Preheat your oven to 350°F (175°C). Grease and flour a 9x13 inch baking pan. In a large mixing bowl, combine 2 cups of all-purpose flour, 1 teaspoon of baking soda, 1 teaspoon of ground ginger, 1 teaspoon of ground cinnamon, 1/2 teaspoon of ground nutmeg, and 1/2 teaspoon of salt.
In another bowl, cream together 1/2 cup of unsalted butter and 3/4 cup of brown sugar until light and fluffy.
Add 2 large eggs, one at a time, mixing well after each addition. Stir in 1/2 cup of unsulfured molasses and 1 cup of hot water until well combined.
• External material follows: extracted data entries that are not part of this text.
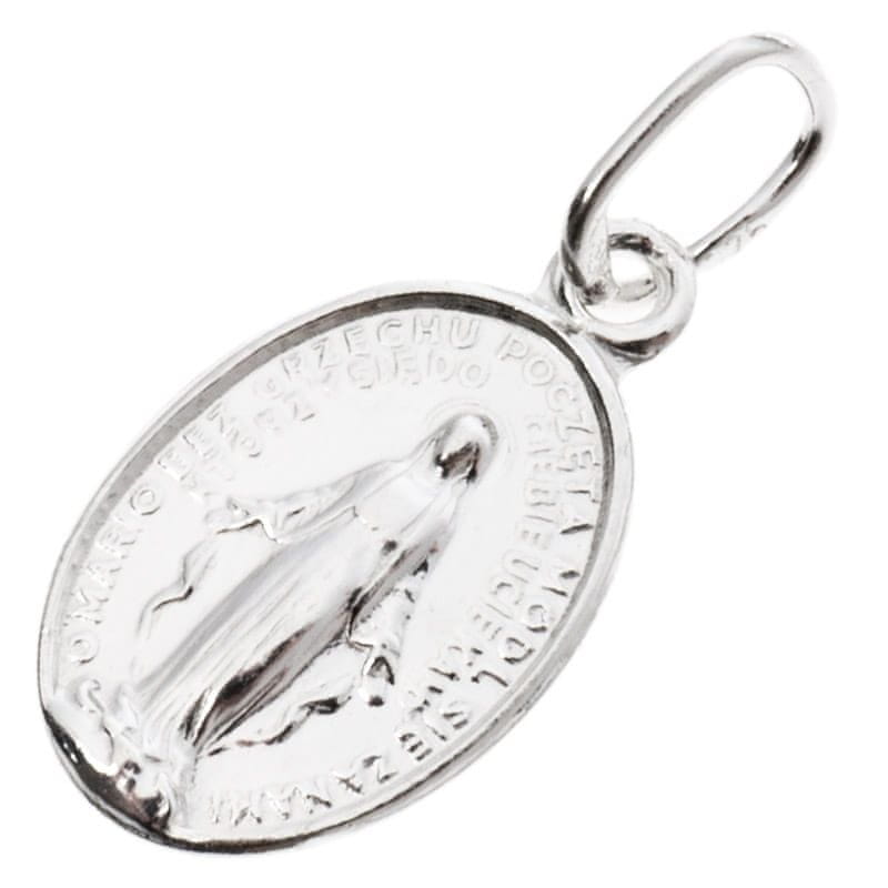 Srebrni medaljon s podoboMarije Brezmadežne, narejenoiz srebra 925.Medaljon ovalne oblike z napisom »O Marija brez greha spočeta, prosi za nas, ki se k tebi zatekamo«.    Popoln kot spomin na krst ali prvo sveto obhajilo.
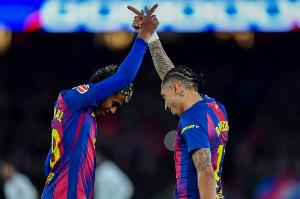 本賽季4位上演帽子戲法的巴薩球員是萊萬多夫斯基、費蘭·托雷斯、亞馬爾和拉菲尼亞。
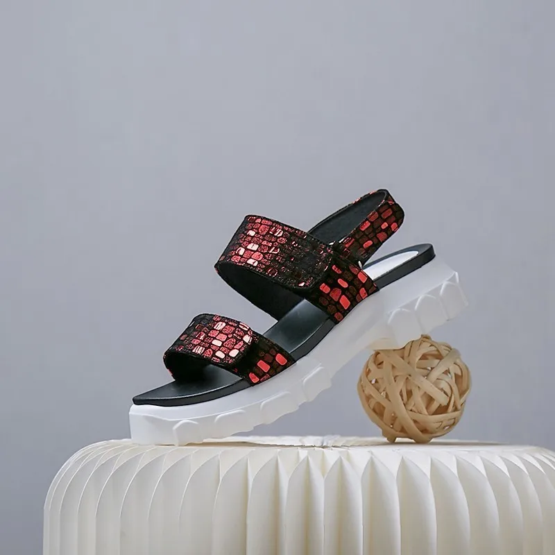 Женские босоножки на плоской платформе; сезон лето; шикарная обувь из натуральной кожи с открытым носком; Новинка; Повседневная Удобная женская обувь; Цвет серебристый, красный; F006

Gradually add the dry ingredients to the wet ingredients, mixing until just combined. Pour the batter into the prepared baking pan and smooth the top with a spatula.
Bake in the preheated oven for 30-35 minutes, or until a toothpick inserted into the center comes out clean.
Allow the cake to cool in the pan for 10 minutes before transferring it to a wire rack to cool completely.
Once cooled, you can serve the cake plain or drizzle with a simple glaze made from powdered sugar and water.